- [Prompt]: Set every record down verbatim and omit the pictures.

START Data records

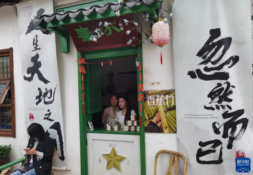 近年來(lái),山東濟(jì)寧立足老城實(shí)際,圍繞文旅融合、文化“兩創(chuàng)”,積極推動(dòng)傳統(tǒng)文化與新需求、新理念、新技術(shù)融合,探尋城市經(jīng)濟(jì)發(fā)展新路子。位于濟(jì)寧老城的環(huán)西北里文創(chuàng)街區(qū)近期對(duì)外開(kāi)放,街區(qū)由老舊院落設(shè)計(jì)改造,注入優(yōu)秀傳統(tǒng)與時(shí)尚文化元素,集餐飲、娛樂(lè)、互動(dòng)、文創(chuàng)于一體,既盤(pán)活了老舊城區(qū)資源,又促進(jìn)了創(chuàng)業(yè)就業(yè),成為人氣文創(chuàng)旅游“打卡地”。新華社記者 張善臣 攝
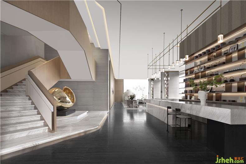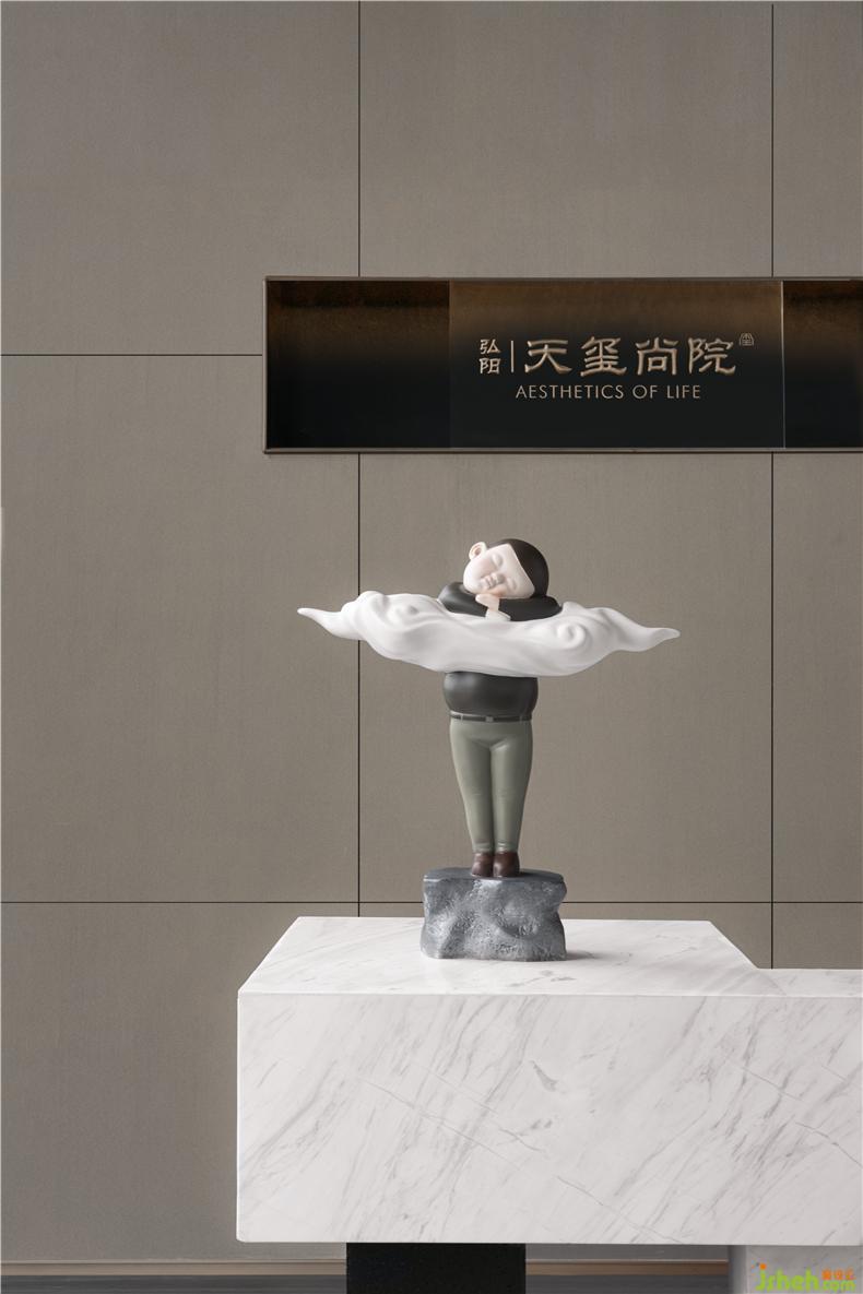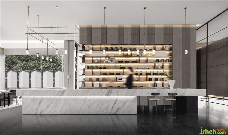 接待臺整體采用白色大理石,擺放的藝術(shù)裝置也頗有考究。室內(nèi)設(shè)計師藝術(shù)裝置《下一刻將會發(fā)生什么》視覺吸引的同時還能有自我思考的空間,增強(qiáng)用戶在空間內(nèi)的情感互動,帶來更多的傳播性和體驗(yàn)性。
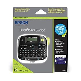 Everything you need to create personalized iron-on labels – includes a LabelWorks LW-300 printer, 1/2″ (12mm) Black-on-Blue iron-on cartridge and also a 1/2″ (12 mm wide) Black-on-White adhesive label sample cartridge
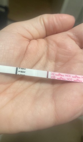 Ik zie het hier op deze foto’s echt niet. Als ik de scherpe originele pak zie ik het ietsjes, maar dan nog twijfel ik🙈 Ben al een halve dag urine aan het sparen zodat ik misschien een ander merk kan proberen nog vandaag, anders morgen misschien weer opnieuw kijken..
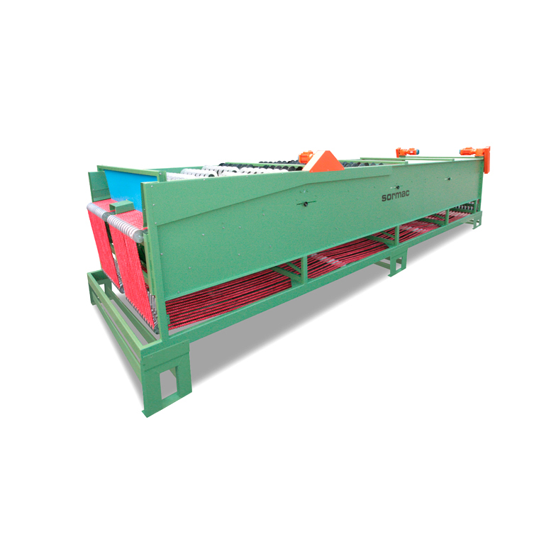 Clasifica los productos alargados como pepinos, pepinillos, zanahorias, productos encurtidos, según su diámetro para luego ser descargados mediante cintas o directamente a contenedores.
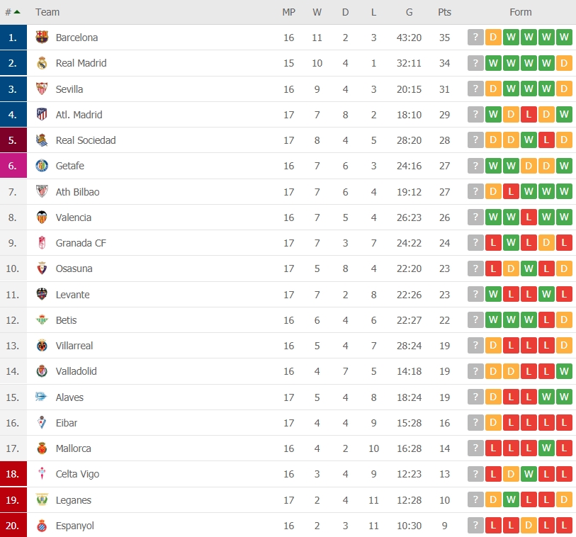 • เอสปันญอล เป็นทีมที่ยิงได้น้อยที่สุด(10)และเสียประตูมากที่สุด(30) ในลาลีก้าซีซั่นนี้

END Data records

- [Reply]:
 近年來(lái),山東濟(jì)寧立足老城實(shí)際,圍繞文旅融合、文化“兩創(chuàng)”,積極推動(dòng)傳統(tǒng)文化與新需求、新理念、新技術(shù)融合,探尋城市經(jīng)濟(jì)發(fā)展新路子。位于濟(jì)寧老城的環(huán)西北里文創(chuàng)街區(qū)近期對(duì)外開(kāi)放,街區(qū)由老舊院落設(shè)計(jì)改造,注入優(yōu)秀傳統(tǒng)與時(shí)尚文化元素,集餐飲、娛樂(lè)、互動(dòng)、文創(chuàng)于一體,既盤(pán)活了老舊城區(qū)資源,又促進(jìn)了創(chuàng)業(yè)就業(yè),成為人氣文創(chuàng)旅游“打卡地”。新華社記者 張善臣 攝
 接待臺整體采用白色大理石,擺放的藝術(shù)裝置也頗有考究。室內(nèi)設(shè)計師藝術(shù)裝置《下一刻將會發(fā)生什么》視覺吸引的同時還能有自我思考的空間,增強(qiáng)用戶在空間內(nèi)的情感互動,帶來更多的傳播性和體驗(yàn)性。
 Everything you need to create personalized iron-on labels – includes a LabelWorks LW-300 printer, 1/2″ (12mm) Black-on-Blue iron-on cartridge and also a 1/2″ (12 mm wide) Black-on-White adhesive label sample cartridge
 Ik zie het hier op deze foto’s echt niet. Als ik de scherpe originele pak zie ik het ietsjes, maar dan nog twijfel ik🙈 Ben al een halve dag urine aan het sparen zodat ik misschien een ander merk kan proberen nog vandaag, anders morgen misschien weer opnieuw kijken..
 Clasifica los productos alargados como pepinos, pepinillos, zanahorias, productos encurtidos, según su diámetro para luego ser descargados mediante cintas o directamente a contenedores.
 • เอสปันญอล เป็นทีมที่ยิงได้น้อยที่สุด(10)และเสียประตูมากที่สุด(30) ในลาลีก้าซีซั่นนี้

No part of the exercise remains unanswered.